I have this command line tool that one of our engineers built for us to parse massive csvs - since I process an absurd amount of data daily - it is open and you can get it here: https://github.com/DataFoxCo/gocsv

I also wrote a short bash script for it if you do not want to pipelining commands, but also supports pipelining.

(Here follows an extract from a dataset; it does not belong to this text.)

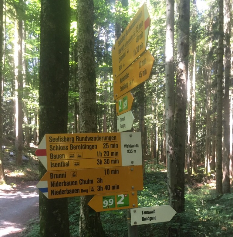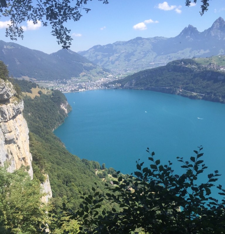 Kurzer Aufenthalt im Dorfladen, bevor wir auf der Wanderroute 99, dem Weg der Schweiz, das Dorf Richtung Süden verlassen. Dieser Wanderweg wurde 1991 zur 700 Jahr Feier der Schweiz angelegt. Schon bald erreichen wir einen wunderschönen Aussichtspunkt hoch über dem Vierwaldstättersee.

The command to run the following short script follows a simple simple convention:

bash tickers.sh wikiprices.csv 'AMZN' '2016-12-\d+|2016-11-\d+'

 #!/bin/bash dates="$3" cat "$1" \ | gocsv filter --columns 'ticker' --regex "$2" \ | gocsv filter --columns 'date' --regex "$dates" > "$2"'-out.csv' 
  • both arguments for the ticker and for dates are regular expressions
  • You can add as many variations as you want to this single regular expression by dividing them by | .
  • So, if you want AMZN and MSFT, then you just change it to this: AMZN|MSFT

  • I did something very similar to dates - but I only limited the space in any dates from this month or last month.

Final result

Initial data:

 myusername$ gocsv dims wikiprices.csv Dimensions: Rows: 23946 Columns: 14 myusername$ bash tickers.sh wikiprices.csv 'AMZN|MSFT' '2016-12-\d+' myusername$ gocsv dims AMZN|MSFT-out.csv Dimensions: Rows: 24 Columns: 14 

Here is an example where I limited myself to only these two tickers, and then only until December:

enter image description here

Voila - in seconds you have a second file saved without the data you need.

The gocsv program has excellent documentation, by the way, and a ton of other functions, for example. launching vlookup basically on any scale (which inspired the creator to make a tool)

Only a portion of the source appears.